Question 89: What is the coenzyme form of pyridoxine?
- A. ADP
- B. NAD
- C. PLP (Correct Answer)
- D. FAD
Explanation: ***PLP*** - **Pyridoxal phosphate (PLP)** is the active coenzyme form of **pyridoxine (vitamin B6)**. - It plays a crucial role in numerous metabolic reactions, particularly those involving **amino acid metabolism**. *ADP* - **Adenosine diphosphate (ADP)** is an important molecule in energy transfer, particularly in the formation of **ATP (adenosine triphosphate)**. - It is not a coenzyme form of any vitamin, but rather a **nucleotide**. *NAD* - **Nicotinamide adenine dinucleotide (NAD)** is a coenzyme derived from **niacin (vitamin B3)**. - It functions as an electron carrier in **redox reactions** and is vital for cellular respiration. *FAD* - **Flavin adenine dinucleotide (FAD)** is a coenzyme derived from **riboflavin (vitamin B2)**. - It also serves as an electron carrier in **redox reactions**, particularly in the electron transport chain.
Question 90: What is the role of adenine phosphoribosyl transferase (APRT) in purine metabolism?
- A. Breakdown of purines
- B. Salvage pathway of purine nucleotide synthesis (Correct Answer)

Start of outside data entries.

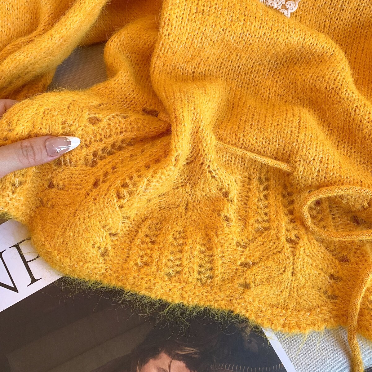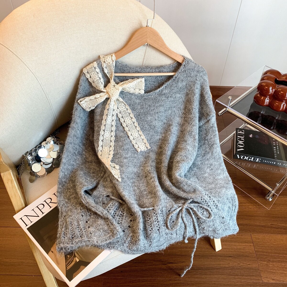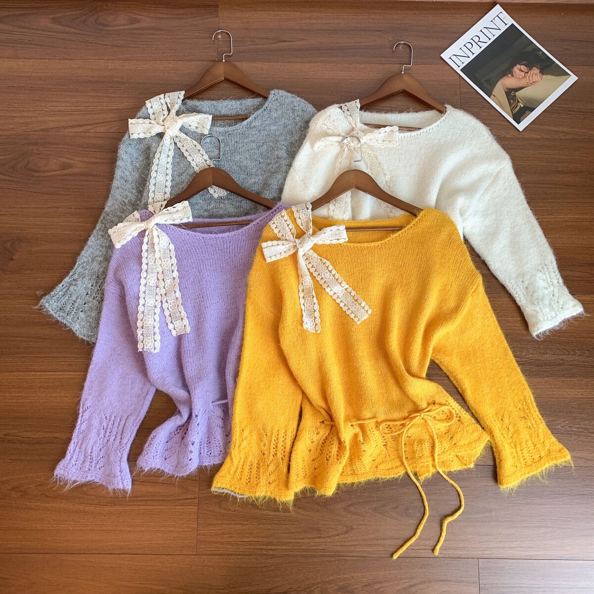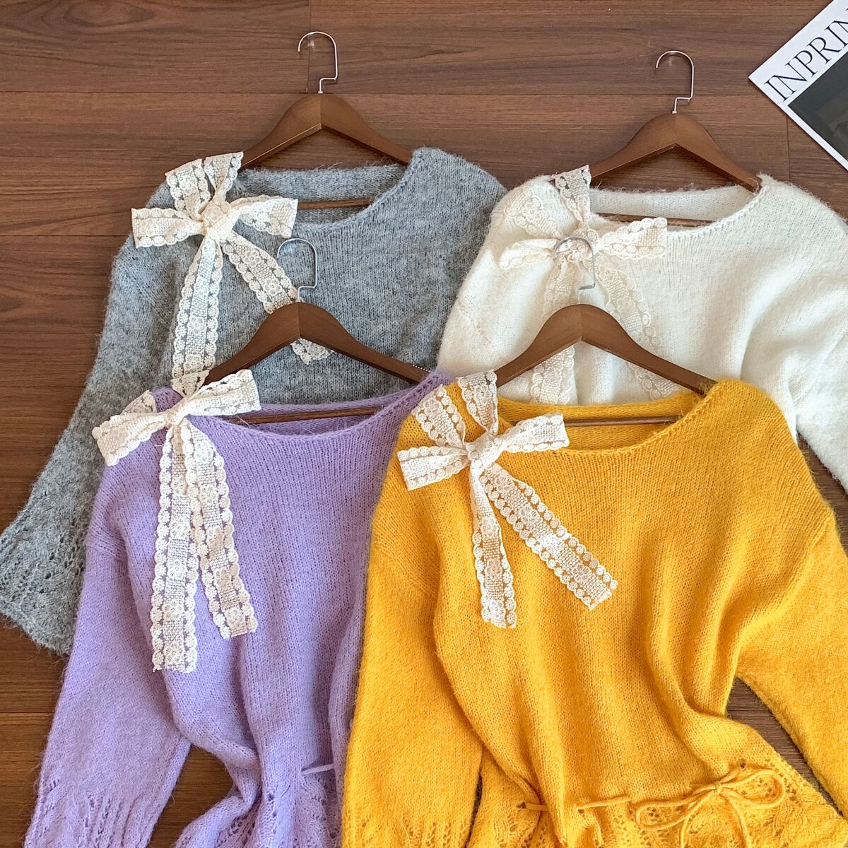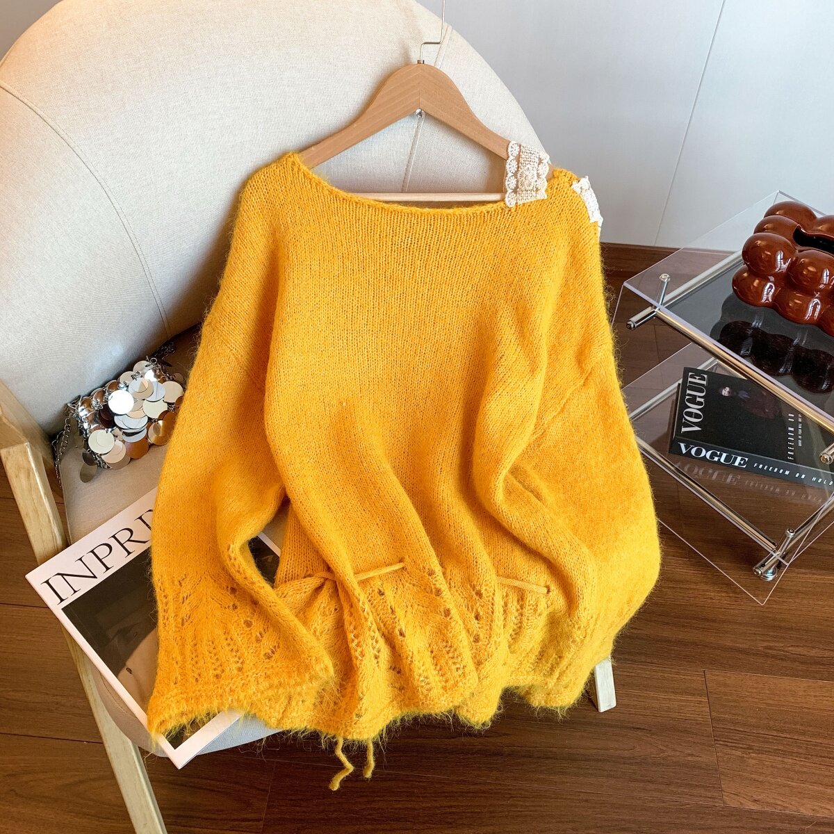 多巴胺黃色針織衫女秋冬季軟糯蝴蝶結系帶長袖寬松慵懶風顯瘦毛衣
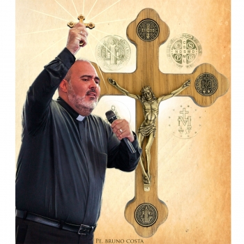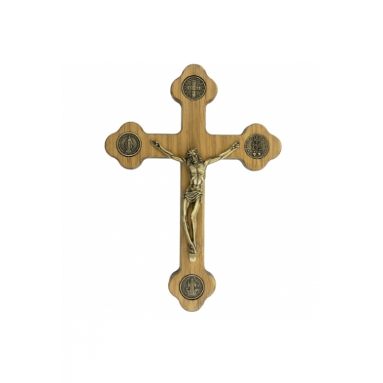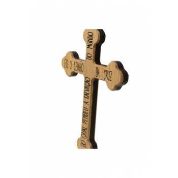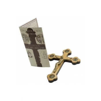 A Cruz Livrai-nos do Mal é confeccionada em madeira, metal e marfim, nas seguintes medidas 17,07x12,07x1,07 cm.
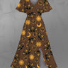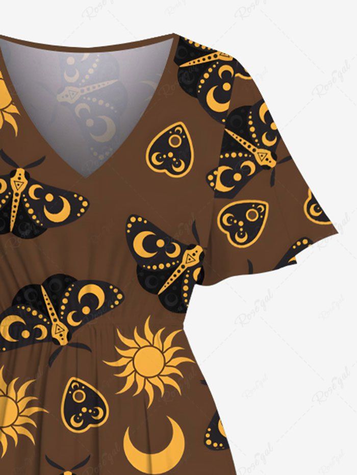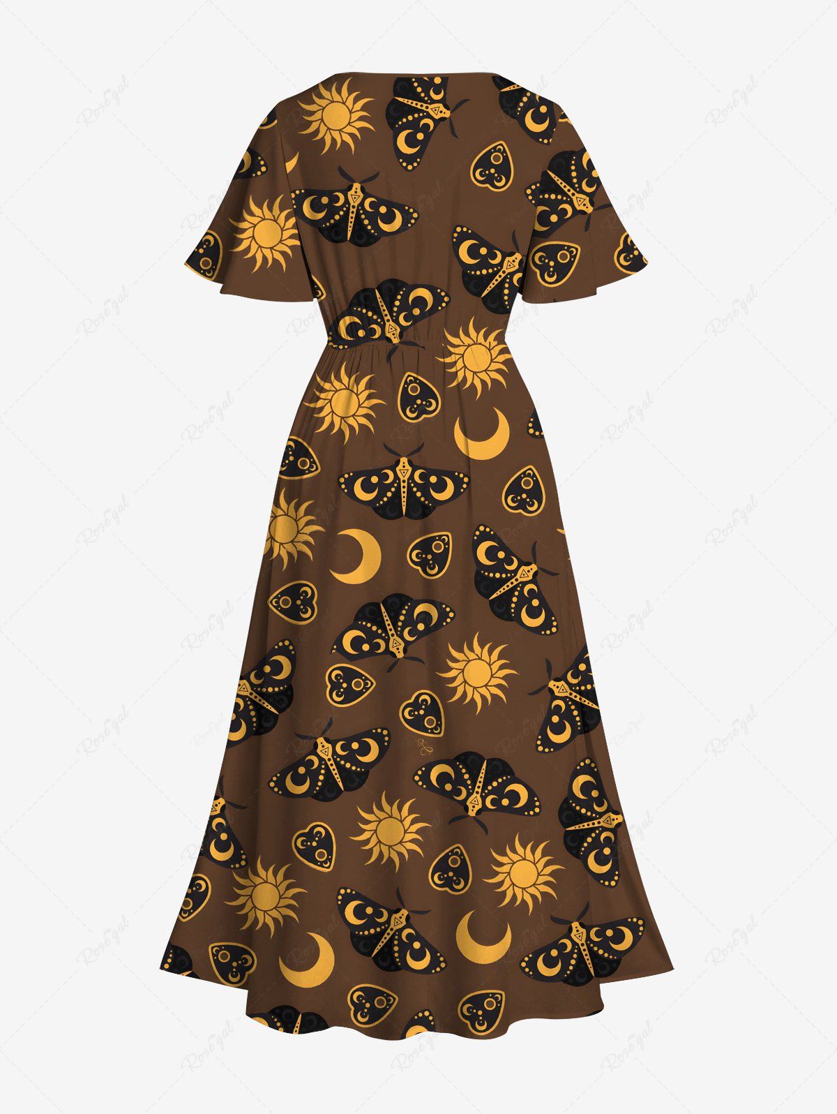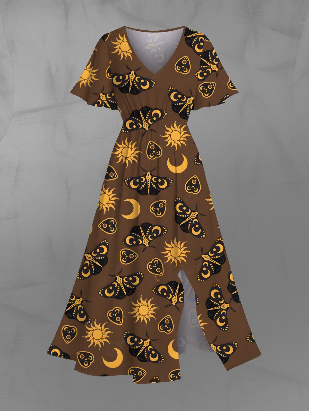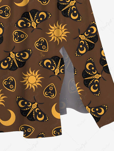 Gothic Plus Size Sun Moon Heart Butterfly Print Split Pocket A Line Midi Dress
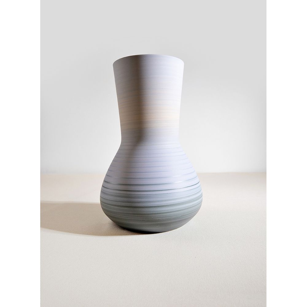 | Descrição do Produto | Vaso de cerâmica de 29 × 19 × 19 cm, com volumetria generosa e superfície marcada por anéis finos que criam textura. Os tons de azul e verde formam um degradê orgânico, ideal para composições contemporâneas. Peso: 1255g |
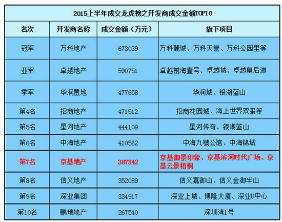 2015年楼市“中考”已经结束,京基地产捷报频传。2015年上半年,京基地产销售佳绩斐然。在全国范围内跻身“2015上半年中国房地产企业销售百强排行榜第94位”。在深圳获得“2015上半年全市成交面积亚军”、“2015年总成交金额全市前十(第7名)”。
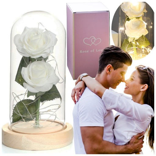 Biała PODWÓJNA sztuczna róża, dwie róże wyglądające jak prawdziwe w kopule szklanej, z oświetleniem LED.
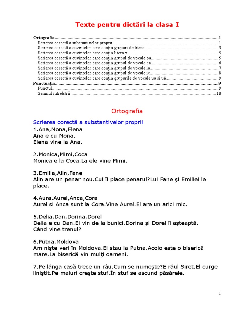 Cl 1 Texte Pentru Dictari
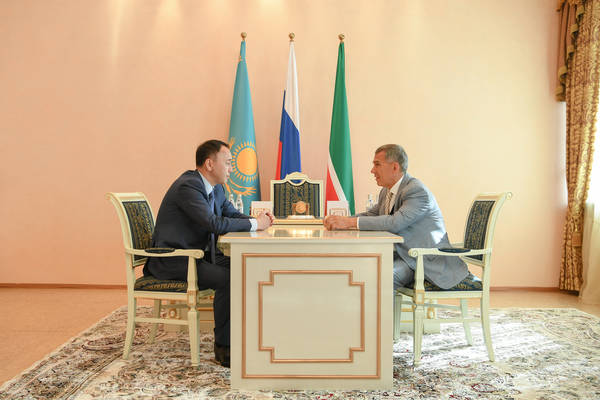 Встреча Президента Республики Татарстан Р.Н.Минниханова с Акимом Костанайской области Архимедом Мухамбетовым и активистами татарских общественных организаций Республики Казахстан. Фото Марсель Бадыкшин
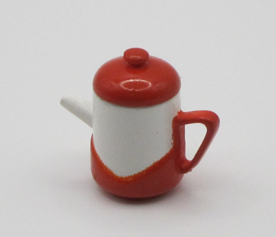 Plastic red and white teapot

- C. Not involved in purine metabolism
- D. De novo synthesis of purines
Explanation: ***Salvage pathway of purine nucleotide synthesis*** - **Adenine phosphoribosyl transferase (APRT)** catalyzes the reaction of **adenine** with **5-phosphoribosyl-1-pyrophosphate (PRPP)** to form **adenosine monophosphate (AMP)**. - This reaction is a crucial step in the **purine salvage pathway**, which reclaims pre-formed purine bases and converts them back into nucleotides, conserving energy. *Breakdown of purines* - The breakdown of purines (catabolism) typically involves enzymes like **adenosine deaminase** and **xanthine oxidase**, leading to the formation of **uric acid**. - APRT is involved in synthesizing nucleotides, not their degradation. *Not involved in purine metabolism* - APRT is an enzyme specifically involved in the **anabolic processes** of purine metabolism, as it contributes to the formation of purine nucleotides. - Its role is well-established within the **salvage pathway**. *De novo synthesis of purines* - The **de novo synthesis pathway** builds purine nucleotides from simpler precursors like **amino acids**, **CO2**, and **THF derivatives**. - While both pathways produce purine nucleotides, APRT is exclusively part of the **salvage pathway**, which recycles existing purine bases.